Community college credits can be awarded through a partnership with Chandler-Gilbert Community College (CGCC) and cooperative credits for vocational courses are provided by East Valley Institute of Technology (EVIT). Students must be dually enrolled for the Arizona community college or the Arizona public university system to accept the credits towards a degree. CUSD Transportation Department provides routes between Casteel, EVIT, and CGCC with after school hours transportation intended for students participating in activities.
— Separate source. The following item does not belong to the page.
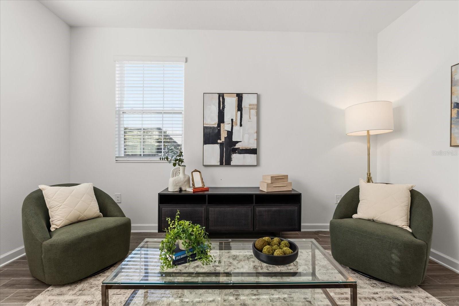 Why wait to build? Stunning, 3 bed, 2.5 bath, end-unit, like-new townhome built in 2022 is move-in ready and waiting for you. This unique property is in the best location – a corner lot across the street from the community clubhouse/pool/fitness center. Stepping up to the large, covered front porch and through the contemporary designed glass front door, you’ll find beautiful wood-look ceramic tile floors running throughout the entire first floor and flush mount LED lighting fixtures throughout the house. Benefits of a corner unit, you’ll have 5 extra windows offering a light and bright living and dining room area. There are even more gathering spaces just past the half-bath and into the open-plan kitchen and family room. The designer color palate of the kitchen is sure to please with an elegant gray subway tile backsplash, white wood 42” cabinets with crown molding, solid gray quartz countertops, fingerprint resistant stainless steel GE appliances, and breakfast bar with sink; watching TV in the family room while washing dishes in the kitchen is so convenient. And don’t miss the walk-in pantry in the under-the stair space (so much storage). The practical indoor laundry room is also a great drop-zone area from your covered, paver breezeway leading to the detached 2 car garage. Plus, as an end-unit you won’t have neighbors looking down into your private back courtyard, offering extra open space with the fully fenced backyard; a perfect spot to grill-out and entertain family and friends with no-hassle yard maintenance. All bedrooms are upstairs, and the spacious primary suite has a lot to offer with a double set of windows, huge walk-in closet (10’ x 7’), and en-suite with double sink, quartz-top vanity, and large, tiled, walk-in shower. The two good-sized secondary bedrooms share a full hall bath with tub/shower combo. Storey Park Townhomes in Lake Nona have so many amenities and the HOA monthly fee covers Spectrum cable with over 300 channels, high-speed internet, home phone line, professional landscaping, pest control, roving security, exterior maintenance including paint and roof, and the resort style pool (with food and beverage service), fitness center, full service café, sand volleyball court, playground, community gardens, walking trail, and elegant clubhouse. The Central Florida Greenway (SR 417) offers an easy commute to Lake Nona shops and restaurants, Orlando International Airport and Brightline high-speed rail terminal, downtown Orlando, and all the theme parks and attractions. With the new Publix built just 1 mile away and sought after “A” Rated schools, come live your best life and call Storey Park your new home.
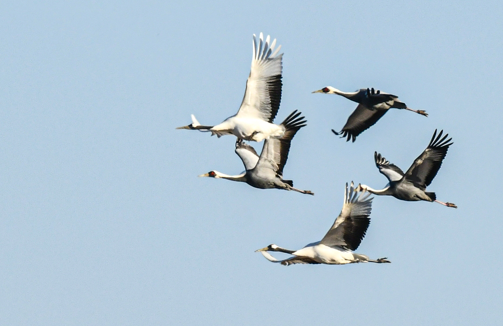 날아오는 두루미는 단정학과 재두루미가 주종을 이루고 있다.

Separate from EVIT and CGCC, the University of Arizona implemented a pilot program to get university credits for students pursuing introductory engineering courses starting in 2014.

== Athletics ==
Casteel is an Arizona Interscholastic Association (AIA) member school offering boys and girls sports adhering to Chandler Unified School District (CUSD) Title IX compliance. Student athletes can participate in varsity, junior varsity, and freshmen only teams as well as individual sports under the AIA's 6A Conference. Casteel Athletics consist of these sports:

- Badminton (Girls)‡
- Baseball
- Basketball (Boys and Girls)
- Beach Volleyball (Boys and Girls)‡
- Cheer (Girls and Coed)
- Cross Country (Boys and Girls)†
- Flag football
- Football
- Golf (Boys and Girls)†
- Hockey
- Lacrosse (Boys and Girls)
- Pomline
- Soccer (Boys and Girls)
- Softball
- Swim and Dive (Boys and Girls)†
- Tennis (Boys and Girls)‡
- Track and field (Boys and Girls)†
- Volleyball (Boys and Girls)‡
- Wrestling (Boys and Girls)

  † denotes individual and team sports
  ‡ denotes individual, doubles, and team sports

Each sport is funded by the school, yet additional funds are raised through boosters creating 501(c)(3) non-profit organization, donations, and tax credits.